State's Local Leaders Continue to Oppose Seizure of Funding

The Associated Press reported last week that the state's town and city governments had about $1.02 billion in reserves, while the counties held an additional $1.3 billion.

North Carolina is experiencing a $900 million budget shortfall for the 2001-02 fiscal year. To solve the problem, Easley has been taking money from a variety of sources, including the funds allotted to N.C. municipalities and $313 million from the state's own reserve funds.

Municipal officials statewide have expressed concerns that a decreased allotment of state funds will force them to remove money from their own budgets.

Easley's plan requests that $95 million be withheld from local governments to make up for a business inventory tax that was eliminated within the last decade. Counties usually receive two-thirds of this money.

Franchise taxes and other shared taxes, totaling $114 million, are also being withheld from city and town governments.

According to a press release from the City of Raleigh Public Affairs office, Raleigh has a $78.7 million fund balance, the highest of any municipality.

But the city stands to lose more than $8.1 million from Easley's cuts.
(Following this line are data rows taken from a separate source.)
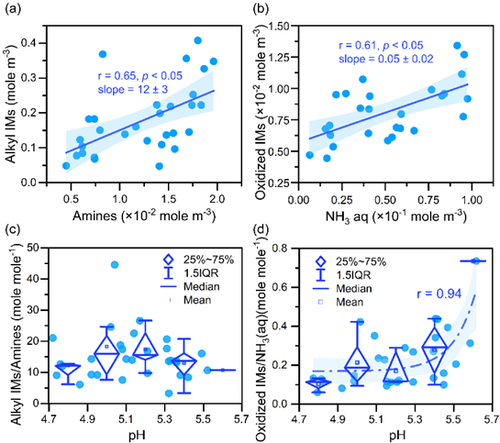 在二次生成过程中,气溶胶液相游离态氨分子(NH3(aq))与有机胺类物质是IMs形成的前体物,二者与羰基化合物在气溶胶液相中发生羰氨缩合反应,形成IMs。HH期间霾粒子PM2.5中游离态氨(NH3(aq))和有机胺浓度均显著高于DH期间。烷基咪唑与有机胺呈显著正相关,而氧化型咪唑则与NH3(aq)呈显著正相关,且两类 IMs 之间无显著相关性,表明二者形成路径不同。在 IMs 的生成效率方面,有机胺生成咪唑的效率比NH3(aq)高1个数量级,且烷基咪唑(有机胺产物)浓度显著高于氧化型咪唑(NH3(aq)产物)。此外,烷基咪唑与胺的比值无显著 pH 依赖性;而氧化型咪唑与 NH₃(aq) 的比值则随着 pH 升高呈指数增长。这是因为与NH3不同,有机胺的氮原子连接烷基(供电子基团),通过供电子效应提升有机胺N原子上的电子云密度,进而增强其与醛的亲核加成反应,从而导致二者在 IMs 生成中的效率和 pH 依赖性的差异。
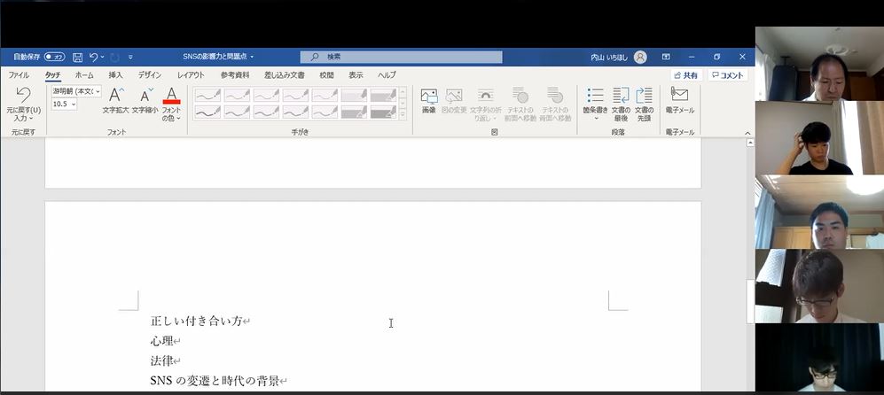 オリエンテーション(5月12日)3年生はGW明けからようやく、ZOOMでのゼミ活動が始まり、5月12日にオリエンテーションとして、ゼミ長・副ゼミ長などの担当決め、 次週以降の活動についての説明、グループ単位のディスカッションなどを行いました。顔合わせと懇親会(4月)新型コロナウィルス感染症の拡大により、4月10日に始まるはずだった春学期の授業は開始をしばらく見合わせることになり、 結果的に1か月延期したうえ、オンラインでの授業開始となりました。とはいえ、1か月間何もしないのは学生にとっても不安が募りますし、時間の浪費を避けたいということもあって、3年生に関しては、4月23日と29日 の2回に分けて、ZOOMで初顔合わせを行いました。 この顔合わせでは、自己紹介、ゼミ入室試験について(お知らせ)、オンライン授業についての説明、ゼミ活動の進め方(提案と希望)、 興味関心のあるテーマについて話し合いました。 また4月28日には、ZOOMで懇親会(宅飲み)を試みました。各自が自宅でくつろいでいる様子が垣間見えましたが、いつもの懇親会とは違って 一体感に欠ける感じは否めませんでした。 4年生は、4月24・25日にオンラインでオリエンテーションを開き、今後のスケジュールを確認しました。 2019年度の活動4年生が卒業論文を提出しました(1月29日)4年生が1年間の研究の成果を卒業論文としてまとめました。非常に幅広いテーマにわたっています。 こちらからご覧ください。 3年生の報告書ができ上がりました(1月23日)先月の合同報告会のプレゼンテーションをもとにレポートを作成しました。これまでの約1年間の活動を振り返った写真も掲載しています。
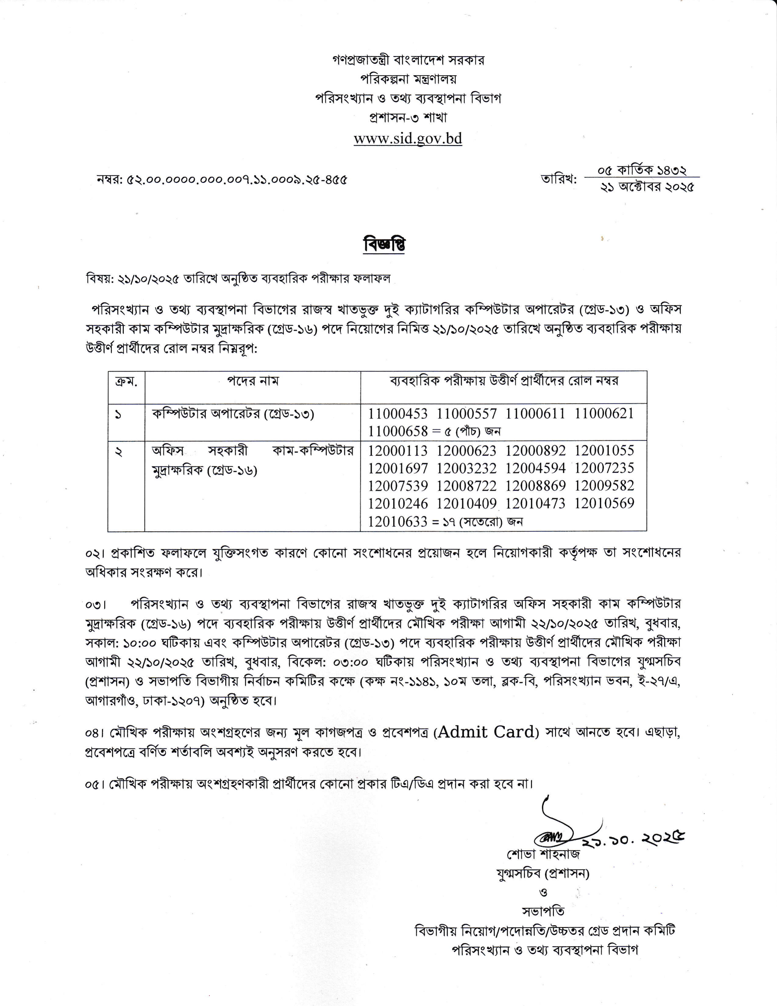 পরিকল্পনা মন্ত্রণালয়ের অধীন পরিসংখ্যান ও তথ্য ব্যবস্থাপনা বিভাগের রাজস্ব খাতভুক্ত কম্পিউটার অপারেটর (গ্রেড-১৩) এবং অফিস সহকারী কাম কম্পিউটার মুদ্রাক্ষরিক (গ্রেড-১৬) পদের ব্যবহারিক পরীক্ষার ফলাফল প্রকাশিত হয়েছে।
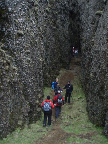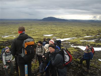 Hjölli, Lilja, Sirrý, Björgvin, Þorbjörg, María, Örn, Ragna, Anna Margrét, Guðjón Pétur, Stefán A., Halldóra Á., Skúli, Björn og Bára. Gengið var upp milli Meitla og upp með Stóra Meitli og genginn gígbarmurinn allan hringinn þrátt fyrir að hífandi rok væri þarna uppi enda kusu þrjár að fara hina leiðina um barminn og mæta hópnum en þetta reyndist auðveldar en áhorfðist og lygnara niður með gígbarminum en uppi á tindinum.

The press release also states that the cuts might delay Raleigh's Neuse Basin Environmental Program and traffic signal system upgrades. Studies, including one on improving traffic, might be delayed.

But Raleigh City Manager Russell Allen said that with the cut in funding, plans for wetlands to combat pollution of the Neuse River look dim.

"They will not be possible if we have to dip into our funds," he said.

Allen said he does not think the city should be held responsible for the state's problems. "It is not reasonable to punish us for their lack of planning," he said.

Allen added that the city's fund balance was set aside for specific purposes. "It is not just hoards of money sitting around," he said.

Margot Christensen, public affairs director for the N.C. League of Municipalities, said the group has some hope that Easley will return the funds but added that local governments must look at the reality of the situation.

"We have to assume the money is not coming," she said. "We will go ahead and reduce spending now."

She also said she thinks it is not fair to withhold reimbursements. "The money is due to (municipalities) for local purposes," Christensen said. "State law requires certain amounts of savings in reserve."

But Easley's press secretary, Fred Hartman, said he thinks local governments and the state will get through the budget crisis. "We will work between now and then to make this as painless as possible," he said. "We all live in the state."

Hartman also stressed that North Carolina is experiencing side effects of the national economic slump.

"Actually, this is not a state or local issue," he said. "It is a national issue."

Hartman added that he thinks by taking away funding, Easley is just doing his job. "He is constitutionally responsible to balance the budget however possible."